Closed phonedude closed 6 years ago

phonedude commented 6 years ago

Martin brought this to my attention. Here's a sample URL:

https://scholarlyorphans.org/memento/20181009212548/https://ianmilligan.ca/

and it returns two different Link headers:

$ curl -IL https://scholarlyorphans.org/memento/20181009212548/https://ianmilligan.ca/ HTTP/1.1 200 OK Server: nginx/1.12.1 Content-Type: text/html; charset=UTF-8 Connection: keep-alive X-Archive-Orig-Server: nginx Date: Tue, 09 Oct 2018 21:25:48 GMT X-Archive-Orig-Transfer-Encoding: chunked X-Archive-Orig-Connection: keep-alive X-Archive-Orig-Strict-Transport-Security: max-age=86400 X-Archive-Orig-Vary: Accept-Encoding X-Archive-Orig-Vary: Cookie X-hacker: If you're reading this, you should visit automattic.com/jobs and apply to join the fun, mention this header. Link: https://wp.me/4cEB; rel=shortlink X-Archive-Orig-Content-Encoding: gzip X-ac: 3.sea _bur Memento-Datetime: Tue, 09 Oct 2018 21:25:48 GMT Link: https://ianmilligan.ca/; rel="original", https://scholarlyorphans.org/memento/https://ianmilligan.ca/; rel="timegate", https://scholarlyorphans.org/memento/timemap/link/https://ianmilligan.ca/; rel="timemap"; type="application/link-format", https://scholarlyorphans.org/memento/20181009212548/https://ianmilligan.ca/; rel="memento"; datetime="Tue, 09 Oct 2018 21:25:48 GMT"; collection="memento" Content-Location: https://scholarlyorphans.org/memento/20181009212548/https://ianmilligan.ca/ Content-Security-Policy: default-src 'unsafe-eval' 'unsafe-inline' 'self' data: blob: mediastream: ws: wss: ; form-action 'self'

Now, the first header is in error (it should be in X-Archive-orig-Link), but multiple Link headers are allowed as per RFC 2616 (and 7230). Martin said MementoEmbed wasn't finding link rel="original", probably bc it occurs in the 2nd Link header and not the first.
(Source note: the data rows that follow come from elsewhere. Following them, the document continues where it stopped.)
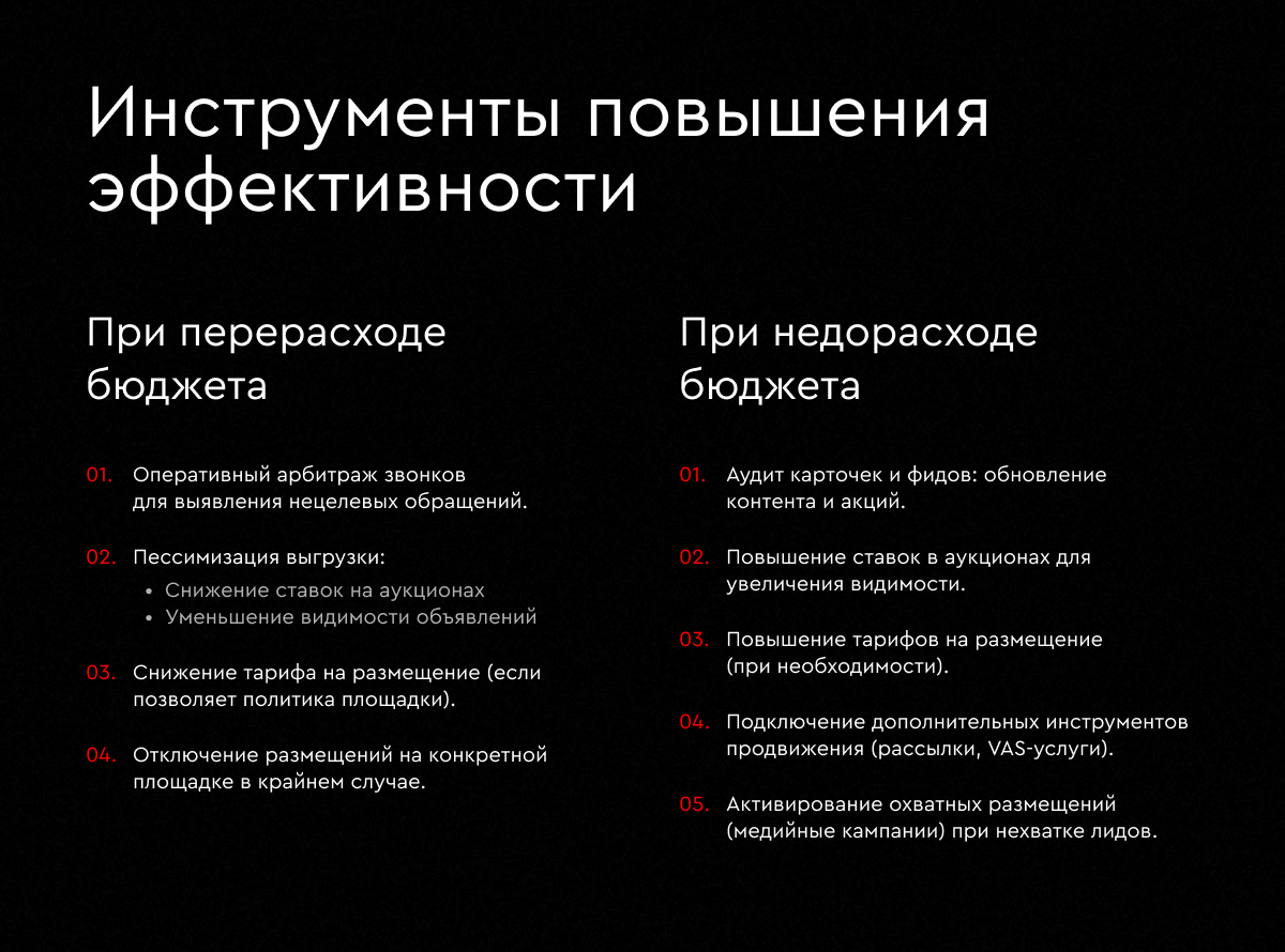 Такой комплекс мер позволяет быстро адаптировать стратегию под текущую ситуацию на проекте и удерживать эффективность рекламных кампаний даже при колебаниях спроса или изменениях правил площадок.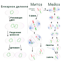 В отличие от многоклеточных организмов, у одноклеточных организмов, в том числе бактерий, увеличение клетки в размерах и размножение путём деления клеток тесно связаны[93]. Бактериальные клетки достигают определённого размера и после этого делятся бинарным делением. В оптимальных условиях бактерии растут и делятся очень быстро, описан пример морской псевдомонады, популяция которой может удваиваться каждые 9,8 минуты[94]. При бинарном делении образуются две дочерние клетки, идентичные материнской. Некоторые бактерии, хотя и размножаются простым делением, образуют более сложные структуры, предназначенные для распространения дочерних клеток. Примером могут служить плодовые тела миксобактерий и воздушные гифы стрептомицетов. Некоторые бактерии способны к почкованию, когда дочерняя клетка образует вырост на материнской, который впоследствии отделяется и переходит к самостоятельной жизни[95].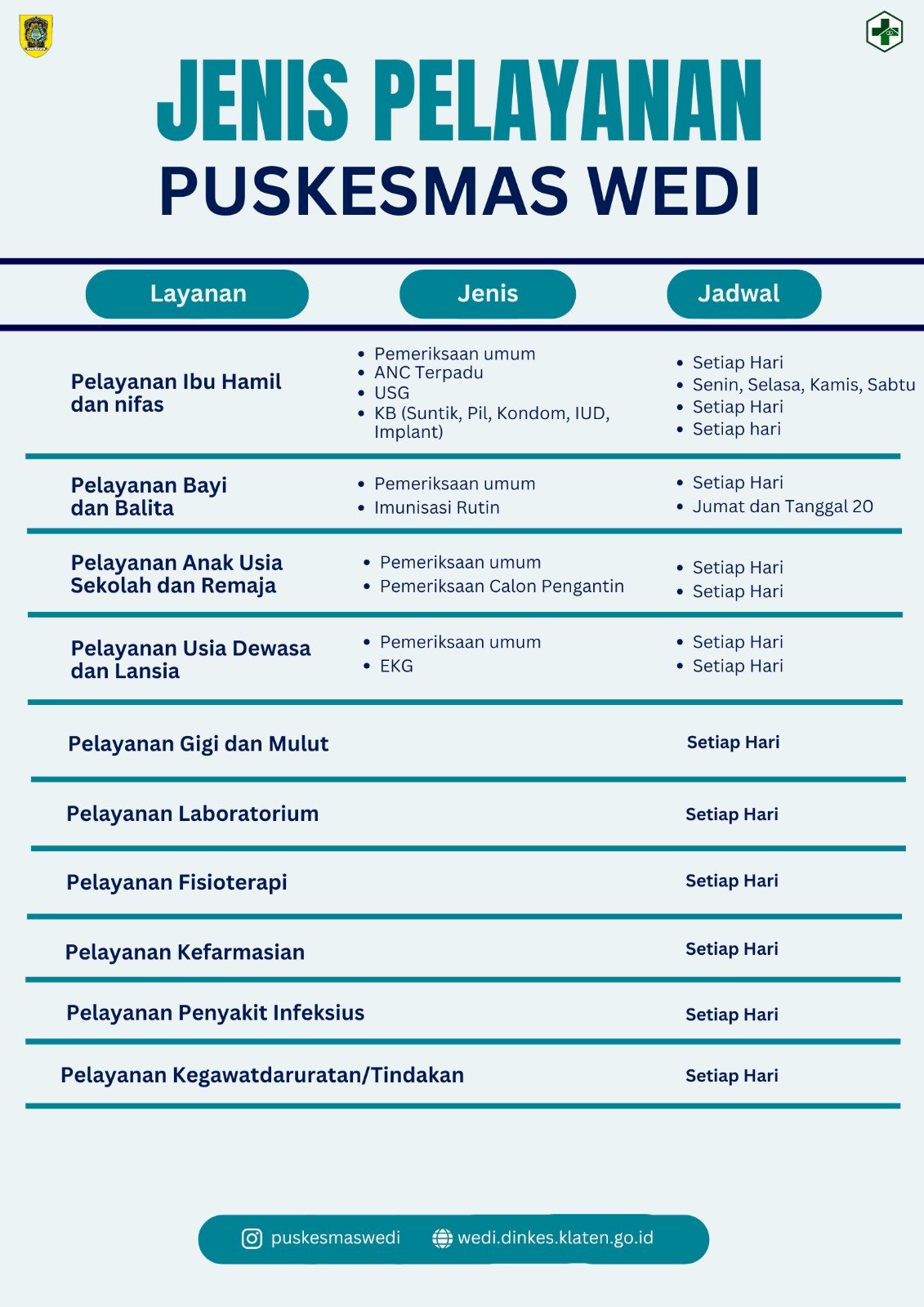 JENIS DAN JADWAL PELAYANAN PUSKESMAS WEDI

shawnmjones commented 6 years ago

Thanks for this.

MementoEmbed uses the requests library to find the values for the Link header. requests presents all HTTP headers as a case-insensitive dictionary. If a header is specified multiple times, requests is smart enough to combine the values together, so MementoEmbed does actually get all of the values for Link.
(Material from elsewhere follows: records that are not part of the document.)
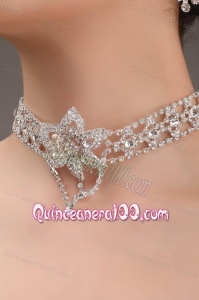 Gorgeous Alloy With Rhinestone Ladies Necklace and Head piece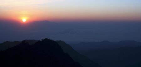 Dark photo of sunrise in mountains with clouds and sun rays on Java Island in Indonesia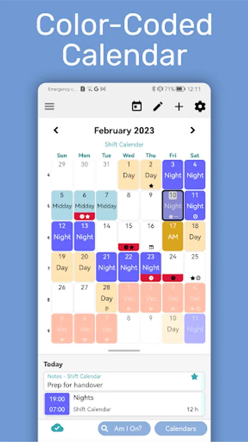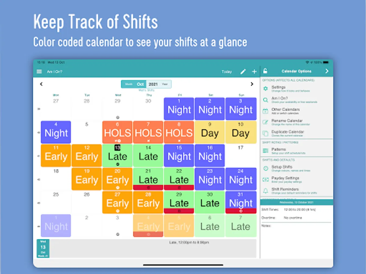✅ See your shift schedule in an easy-to-use color-coded calendar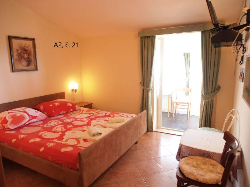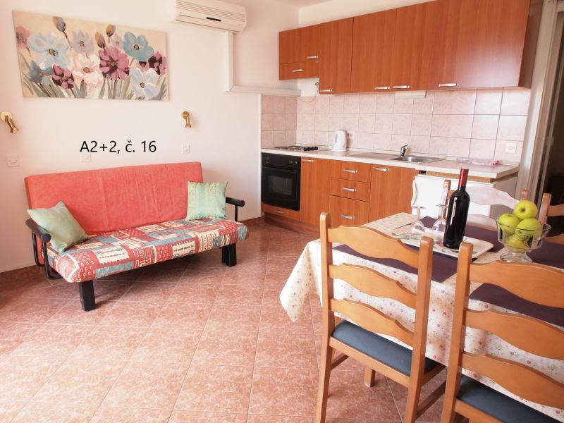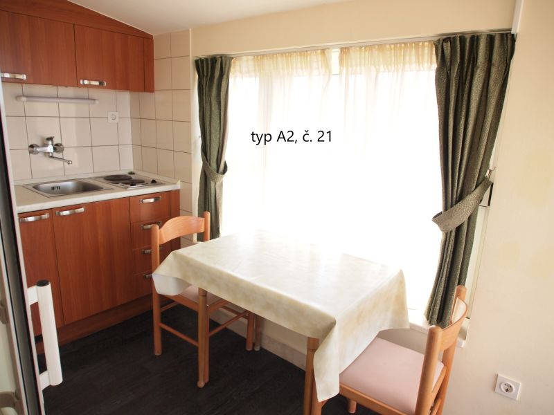 TYP A2, A2+1 a A2+2: ložnice se 2 lůžky, kuchyň s obývací částí a gaučem na rozložení pro 2 osoby, hyg. zařízení, SAT TV, klimatizace a balkon.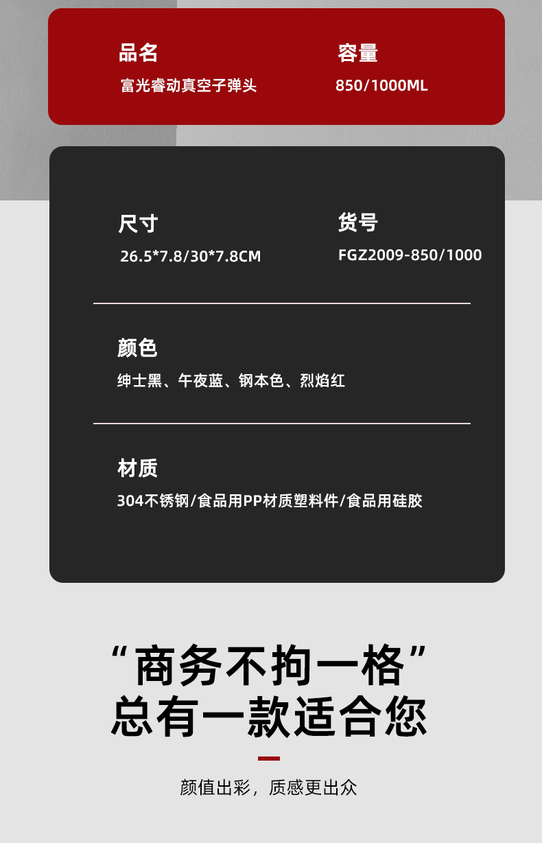 容量:1000ml 尺寸:78*30cm 颜色: 白色 黑色 红色 蓝色 纯本色 材质:304奥氏体不锈钢内胆、食品级PP,PC配件 包装:单瓦盒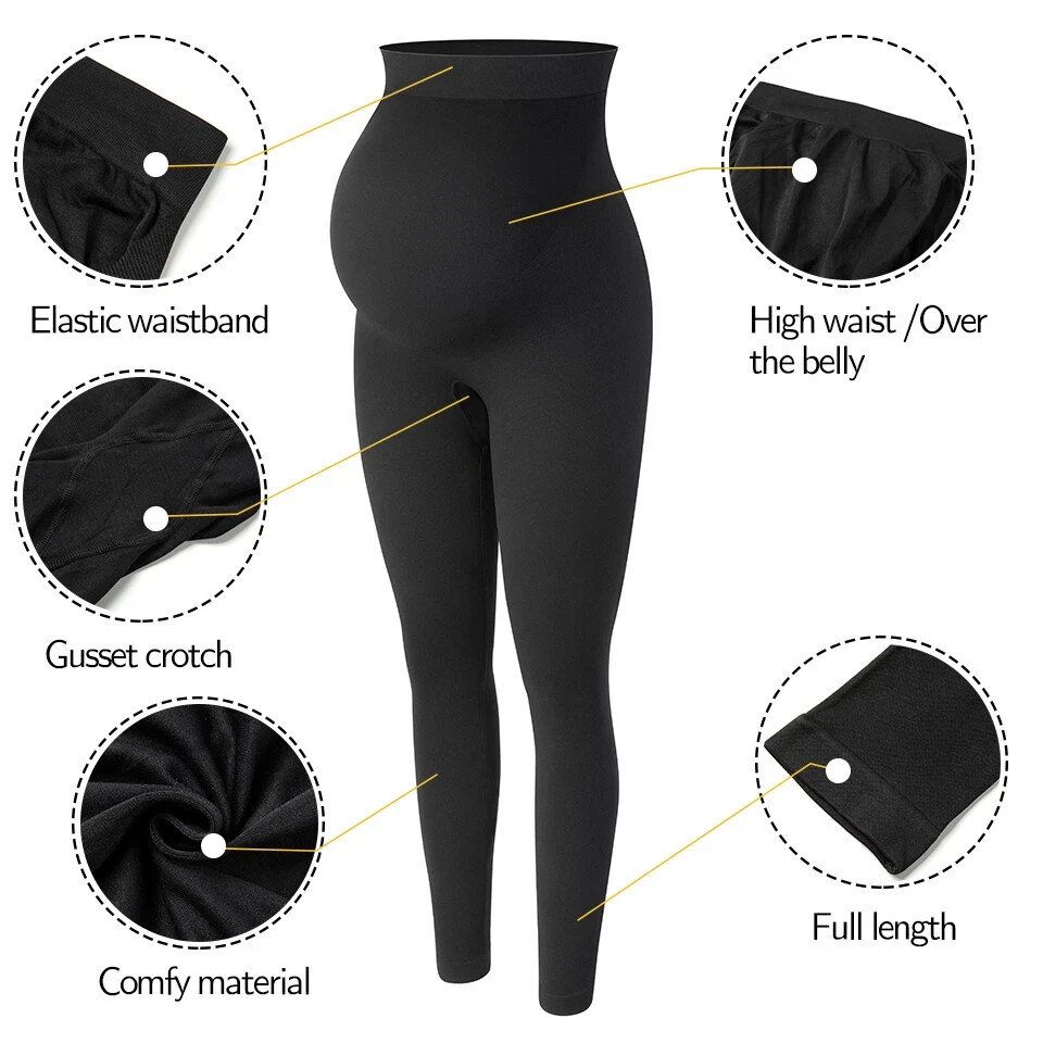 About this item Material: Legging fabric: 94% Rayon,6% Spandex; Waistband fabric: Nylon and Spandex Elastane. Features: Elastic waistband maternity leggings with full-panel coverage supports your belly without excess pressure on any specific point. Keep you cozy as your tummy expands, providing support and comfort. Super stretchy fabric offers plenty of room for belly growth. These maternity pants follow the changes of your body and stay with you throughout your pregnancy. The flexible, breathable, and lightweight fabric that doesn't constrict your movement makes them perfect for all-day wear. Occasions: Ideal for working out or wearing out and about. Our maternity leggings are great for layering under dresses or skirts, it will meet your needs for work and life during pregnancy.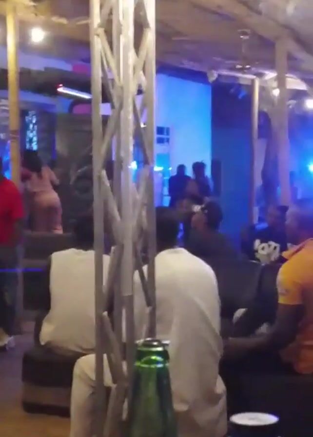 interior of what appears to be a bar or club. Several people are sitting on couches and chairs, while a man in a red shirt moves around them, apparently talking to people. There are other individuals visible in the background, closer to a brightly lit area with blue and green lights. The room has a casual, somewhat rustic decor, with wooden pillars and ceilings. A metal support structure stands prominently in the foreground, partially obscuring the view. Bottles of what appear to be alcoholic beverages are visible on a table in the foreground. The overall atmosphere seems lively.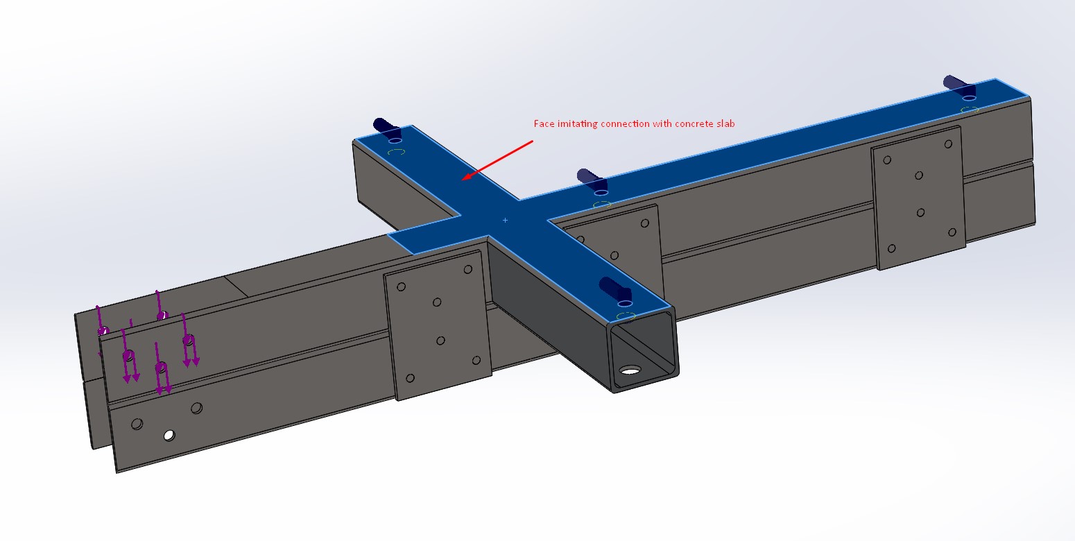 I am trying to simulate a two steel profiles, which are bolted together through steel plates.

https://github.com/oduwsdl/MementoEmbed/blob/124675643fd680804b50ab268ebcd60c958dc6a1/mementoembed/mementoresource.py#L103-L115

The problem exists in the function convert_LinkTimeMap_to_dict seen on lines 108-109 above. This function expects all relations to be surrounded by quotes (e.g., rel="timegate" is parseable, but rel=timegate fails). Link header values like <https://wp.me/4cEB>; rel=shortlink are a product of WordPress. They do not surround the argument to rel in quotes. Memento entries in the Link header, on the other hand, do surround the argument to rel in quotes (e.g., rel="timegate"). The convert_LinkTimeMap_to_dict function is stumbling over that shortlink relation because it has no quotes and it never gets to parse the rest of the string.

All examples in RFC 8288 - Web Linking use quotes, but section 3 states:

Note that any link-param can be generated with values using either the token or the quoted-string syntax; therefore, recipients MUST be able to parse both forms. In other words, the following parameters are equivalent:

x=y x="y"

and

Previous definitions of the Link header did not equate the token and quoted-string forms explicitly; the title parameter was always quoted, and the hreflang parameter was always a token. Senders wishing to maximize interoperability will send them in those forms.

So, MementoEmbed needs to support both.

I have discovered a possible solution. The requests library has its own link format parsing function. When I tested this function a few years ago, it failed miserably on parsing Memento headers, but a recent test last weekend indicates that it may have matured enough for us to use here.

shawnmjones commented 6 years ago

It looks like the requests library implementation works.

image

I will have to test with some other URI-Ms.